Алорко успокоил своих.
— Это мой брат, — сказал он на наречии страны. — Мы вместе жили в Сагунте. Притом он не из этого города. Он издалека, из страны, где люди почти боги, и он приехал со мной, чтобы познакомиться с вами.
Женщины смотрели на Актеона с изумлением, узнав о его почти божественном происхождении, которое ему приписывал Алорко.
Караван спешился и вошли в громадную хижину, которая служила дворцом народного главы. Обширное помещение, почерневшее от дыма и освещаемое лишь узкими отдушинами, служило местом собрания и совета народных воинов. В одном углу, где было проделано большое отверстие в крыше, служащее печной трубой, лежал громадный камень, на котором горели поленья. В стену была вделана каменная доска с грубо высеченной на ней фигурой народного бога, удавливающего двух львов. На стенах висели копья и щиты, шкуры диких зверей, белые черепа домашних животных. Вдоль стен шла каменная скамья, которая пресекалась подле очага, там где помещалось высокое каменное сидение, покрытое медвежьей шкурой. Это было место царя.
Воины, постепенно входя, размещались на скамье.
Один из стариков, взяв Алорко за руку, проводил его к почетному месту.
— Садись здесь, сын Эндовельико. Ты единственный его наследник и ты достоин стать нашим главой. Его мужество и его благоразумие пребывают в тебе.
Большинство воинов поддерживали взглядами одобрения слова степенного старца.
— Где находится тело моего отца? — спросил Алорко, взволнованный церемонией.
— С тех пор, как взошло солнце, оно находится на лугу, где отец обучал тебя выезжать лошадей и владеть оружием. Юноши нашего племени охраняют его. Завтра, когда взойдет солнце, будет его погребение, достойное столь великого правителя. Засим ты, как новый царь, дашь нам советы относительно нужд народа.
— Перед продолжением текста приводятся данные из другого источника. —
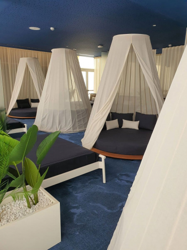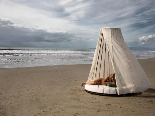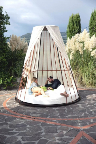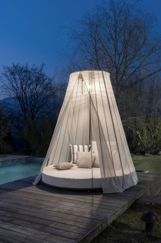На берегу моря, в спа-салоне или в любом другом месте, как на открытом воздухе, так и в помещении, Planet окутывает тело и разум ощущением огромного удовольствия. Его основание выполнено из ценных пород дерева, с матрасом из материала Tecnorev, покрытого УФ- и атмосферостойкой тканью. Морские канаты опоясывают лежак Planet, создавая эффект паруса, рассчитаны на длительный срок использования. Сочетание изысканного дизайна и шарма в одном изделии, которое предлагает эксклюзивный стиль и комфорт.

Алорко посадил подле себя грека. Женщины внесли факелы, так как с наступлением сумерек сквозь узкие отдушины еле проникал бледный и трепетный полусвет. Сестры Алорко с опущенным взглядом и в туниках, украшенных цветами и волнообразно спадающими вокруг их девственных сильных тел, стали обходить воинов, предлагая им в роговых чашах мед и пиво. Некоторые из мужчин пили очень много, не теряя своей степенности. Говорили о деяниях Эндовельико, точно он умер много лет тому назад, и о великом предприятии, на которое, без сомнения, их поведет его преемник, намекая не раз загадочными словами на обстоятельства, подлежащие обсуждению совета на следующий день.